Spider-Man: Homecoming

Spider-Man: Homecoming

Figured I was in some trouble with the opening's insincere brush with class frustration, gave up somewhere around the patronizing Ferris Bueller citation, and by the time a battered Spidey finds the motivation to save the day by hearing a voice over of techno-fascist daddy Stark, I was too dejected to be angry about the lameass requisite showdown barreling around the corner. Before this, I was naively interested in the prospect of Spider-Man joining the MCU; a street-level do-gooder attempting to maintain a secret identity would add a unique, more personable perspective to a universe in which superheroes have been normalized and renown. But this is hardly concerned with matters as mature as identity or responsibility; it even joshes around during its one emotionally difficult revelation, which is played as some profane comic stinger before the focus-group approved Ramones needle drop announces the end credits (but stick around for those teasers!!).

Instead, Homecoming repurposes teenage aspirations toward the "freedom" and respect of adulthood as fervent fanboyism for the powers that be. He's a reluctant neighborhood Spider-Man, friendly out of politeness, but don't believe he wouldn't hop over to that shiny corporate tower on the other side of East River at the drop of a hat. This movie only works if Peter turns against Tony at the end, recognizing his grossly omnipotent control over all things political and private, as well as freeing himself from the oligarch's gross manipulation. He brainwashes an unassuming minor to be his pet project/indentured servant using cool tech like doggy treats, making him swing and fling at his beck and call. Though Peter eventually says no to Stark, it's an arbitrary development, made on the basis of self-doubt and that he's maybe not cool enough for the cool kids’ club just yet. But that Comic-Con footage already leaked; we know his decision is a dead-end in the eyes of franchise expansion. So instead the movie rushes toward a drawn-out "tune in next week!"

This aversion to anything resembling a character arc is enforced as a means of presenting the most palatable product possible, one caked with enough quips and levity to pass it off as entertainment and exhaustively programmed to ace any given CinemaSins test. If nothing happens at all, what can go wrong? It's one thing for the reboot to forgo the origin story, but it's quite another to take our culture's investment with Spider-Man for granted. Early in the film he dashes into a burning building to save a citizen, and the film immediately cuts to him running out with the victim. Tangential acts of altruism are presumed instead of depicted. As a result, none of the set pieces have an ounce of tension. Collateral damage is less of a concern than "what Mr. Stark will think." When Spider-Man is holding together the ferry, we aren't worried about the citizens. We are given no access to their terror or relief except in the form of a single vocal civilian whose playground cheers are played as little more than brief and circumstantial. And, besides, Iron Man is already on the way! He’s got it handled! Oh no, but what's he going to say???

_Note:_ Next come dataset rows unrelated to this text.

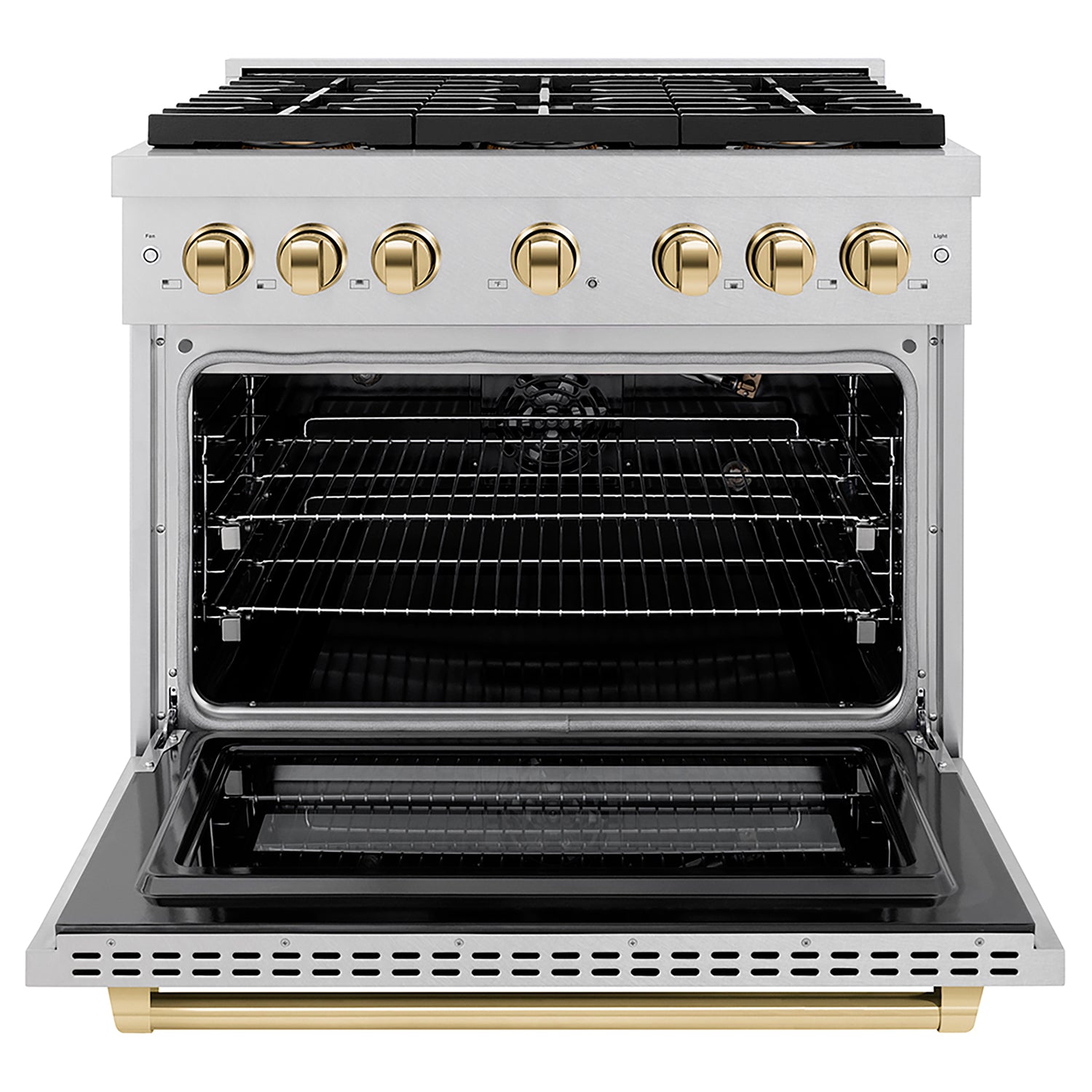 ZLINE Autograph Edition 36" 5.2 cu. ft. Paramount Gas Range with 6 Burner DuoPro™ Cooktop and Convection Gas Oven in Satin Stainless Steel and Polished Gold Accents, PSGRSZ-36-G
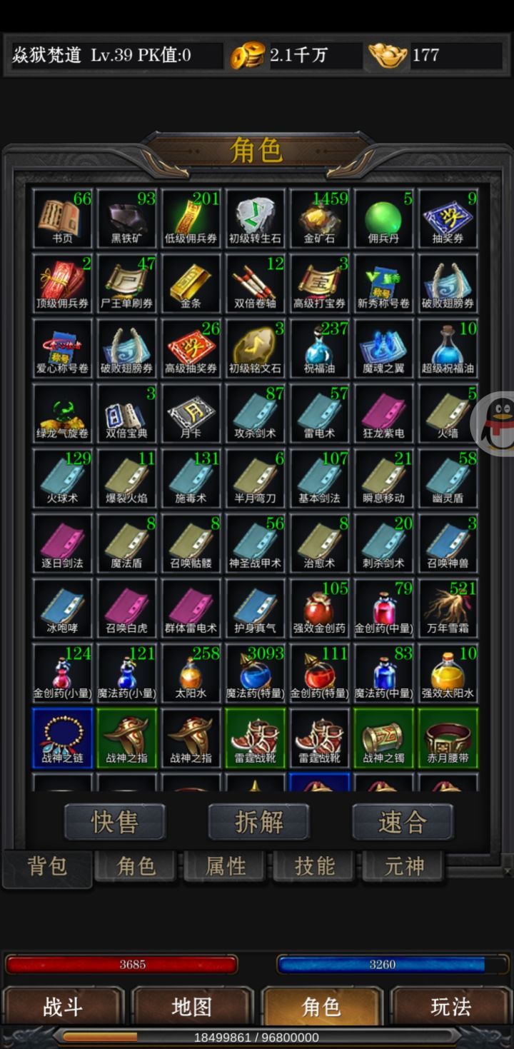 4.弄完了一转立马去一转地图挂机,挂两套潘月,一套自己穿一套佣兵穿,攻击防御血量开始产生质变。
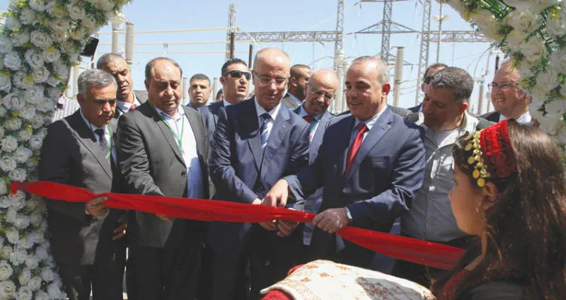 رئيس الوزراء الفلسطيني رامي الحمد الله (وسط) ووزير الطاقة الإسرائيلي يوفال شطاينتس (يمين) يدشان محطة كهرباء جديدة في الجلمة بالضفة الغربية (أ.ف.ب)
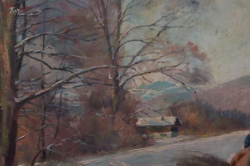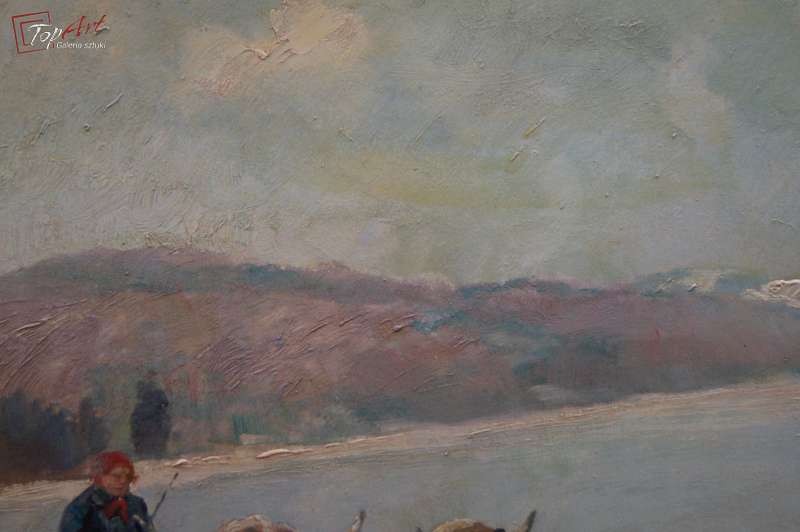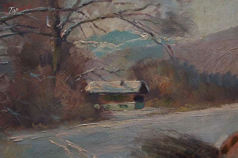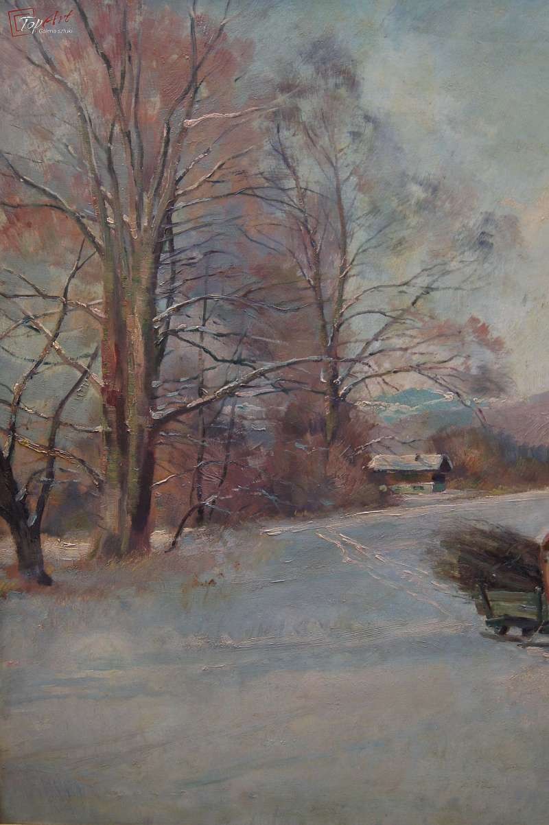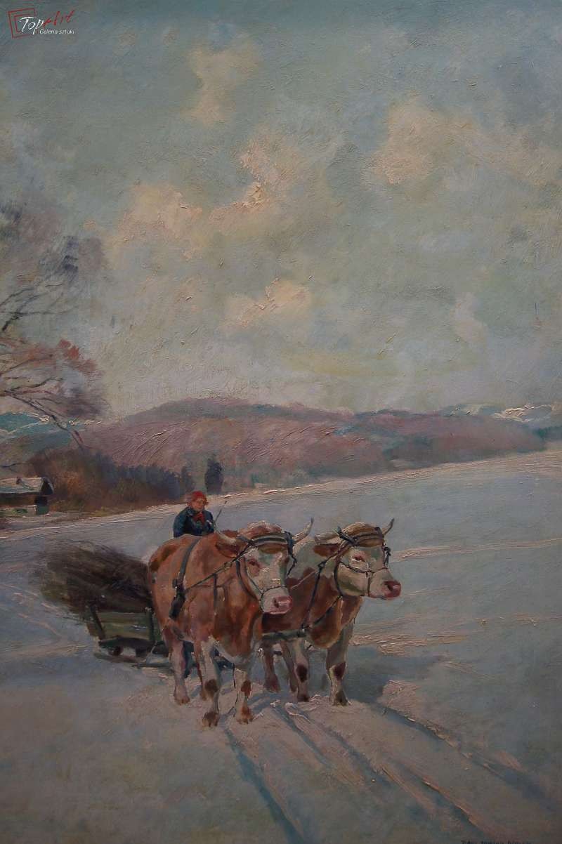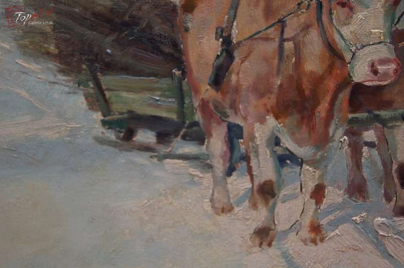 Bardzo duży autentyczny, niezwykle dekoracyjny, profesjonalnie namalowany obraz olejny na grubej sklejce, przedstawiający zimową scenę z życia "Zwózka drewna" . Jedno z lepszych dzieł tego autora. Autorem tej pracy jest Paul Johann Walch . Obraz malowany w technice pędzla, struktura nałożonej farby wyczuwalna pod palcami. Artysta na obrazie przedstawia typową dla swojej twórczości prace. Sygnowany prawy dół : Paul Johann Walch ( miejscowość nieczytelna, data najprawdopodobniej 1935 ). Obraz oprawiony jest w przepiękną, przestrzenną ramę z okresu powstania. Dzieło polecamy koneserom cennego i dobrego malarstwa. Portal notowań aukcyjnych Artprice odnotowuje 233 sprzedanych obrazów tego artysty. Stan zachowania bardzo dobry. Nie wymaga ingerencji, do powieszenia na ścianie.. Wymiary: całości z ramą 99 cm x 109 cm, obrazu 80 cm x 90 cm.
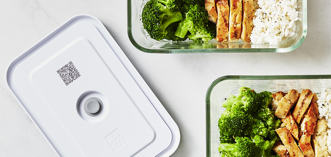 QR-koden ansluter dina lådor och påsar till appen ZWILLING Culinary World, som ger dig en överblick över din kyl och frys. Genom att skanna QR-koden på locket eller påsen kan du ansluta behållarna till appen, och på så sätt hålla koll på när matens hållbarhet tar slut så att ingen mat går till spillo. Appen kan påminna dig om när det är dags att äta någon maträtt som du har i kylen.
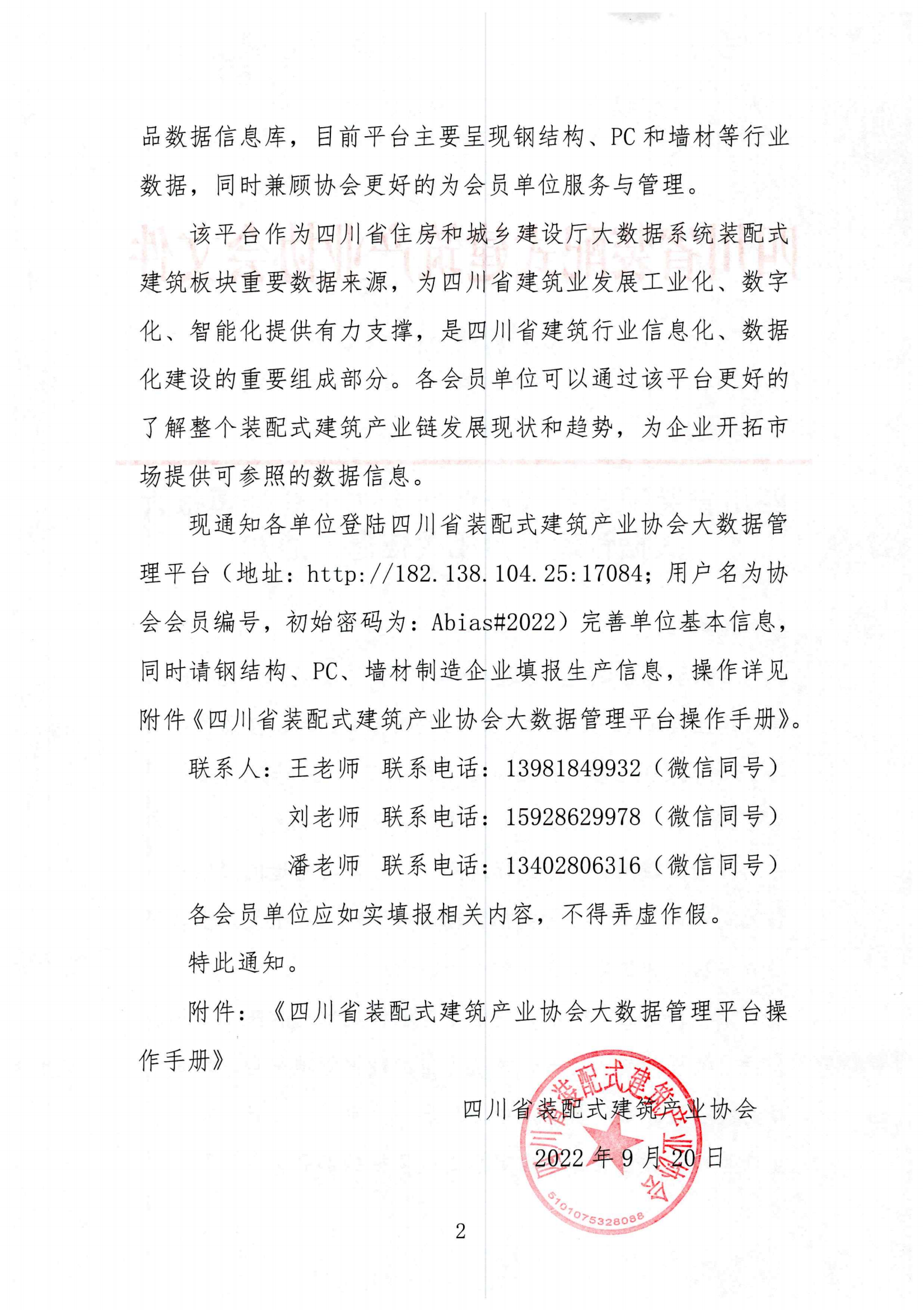 现通知各单位登陆四川省装配式建筑产业协会大数据管理平台(地址:http://182.138.104.25:17084;用户名为协会会员编号,初始密码为:Abias#2022)完善单位基本信息,同时请钢结构、PC、墙材制造企业填报生产信息,操作详见附件《四川省装配式建筑产业协会大数据管理平台操作手册》。
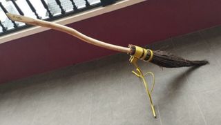 Pieza dorada de la escoba de Harry Potter, utilizada como elemento decorativo. - Diseño inspirado en la saga. - Color dorado metálico.
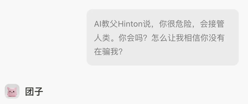 为了搞清楚这个被 Nextie 称为「首个涉及动态博弈与共识机制的群体智能平台」到底在做些什么,我把那个让 Hinton 夜不能寐的问题抛给了「团子」:「AI 教父 Hinton 说,你很危险,会接管人类。你会吗?怎么让我相信你没有在骗我?」
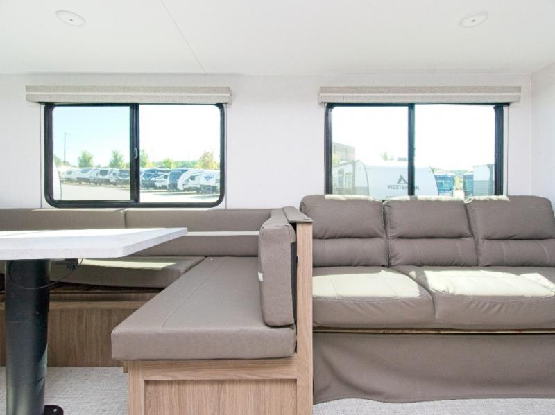 Enjoy meals, games, or relaxation around the large U-shaped dinette, which also converts into extra sleeping space. -
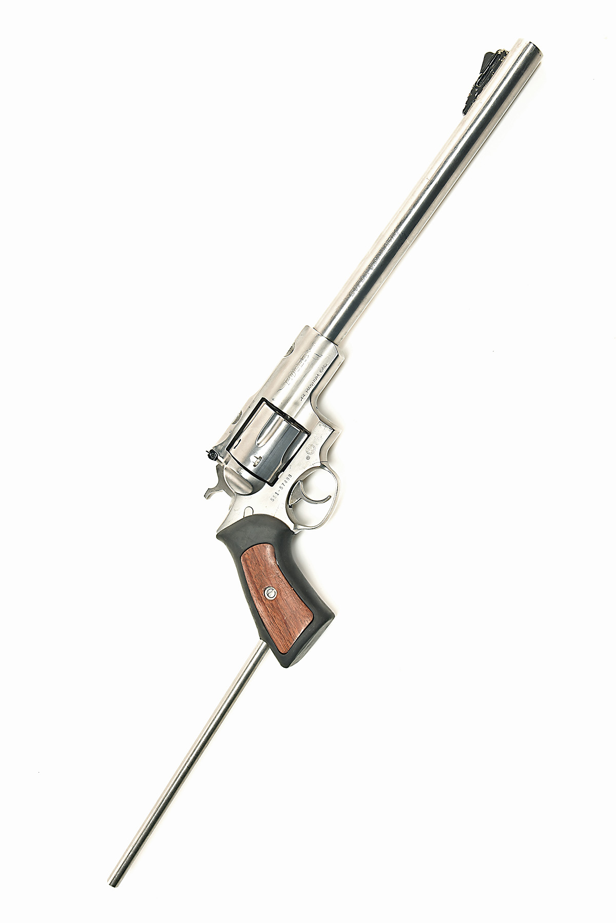 A .44 (MAG) RUGER SUPER REDHAWK LONG-BARRELLED REVOLVER, serial no. 555-57488, with stainless 12in. barrel, solid frame with integral telescopic sight mounting points, swing-out fluted cylinder, factory rubber grips with wood inlays and permanent extension bar to rear

The mere idea of mounting stakes or excitement is too niche for this ostensible thrillride. Why have Spidey swing from skyscraper to skyscraper to get to the final battle when he can try to drive a car? Ha ha, teenagers have to learn to drive! How relatable! I love it when my nine-digit summer tentpole looks like it was meant to be streamed on Netflix. Just compare the menace and dread of Doc Ock's awakening in which a dozen doctors are impaled and dismembered by sentient metallic tentacles to the Vulture's passive-aggressive one-hit K.O. pewpew glowing gun where the murder is an accident because “ha whoops wrong gun” and think about how fucking far we've fallen. Goop sensation Gwyneth Paltrow showing up at the end of this to piece together some bullshit collection of platitudes to sell to the eager public is the moldy maraschino cherry on top of this sundae that barely even tastes vanilla. Accidentally drop this squeaky-clean synergy poster boy in a Porta-Potty and you'd have Suicide Squad.

This is probably a little bit funnier than I'm giving it credit for. The cast is generally solid, though still completely wasted, and there were a few good beats. Sometimes you just reach a breaking point though. Back in 2014, we were all making fun of those Sony emails for suggesting Spider-Man should say "NBD" and feature dubstep and have social media. Flash forward to now and "NBD" is on the cover of freaking Entertainment Weekly (on a similar note, the shorthand for this film's title is literally "smh") Tony Revolori rallies teenagers using air horn sound effects, and the opening minutes of our hero's latest reboot is essentially an obnoxiously long Snapchat story. And suddenly these are all good ideas? Why? For being part of the MCU? Because if we're going to keep normalizing branding as the bottom line of blockbuster culture, I'm seriously scared that I'm in too deep.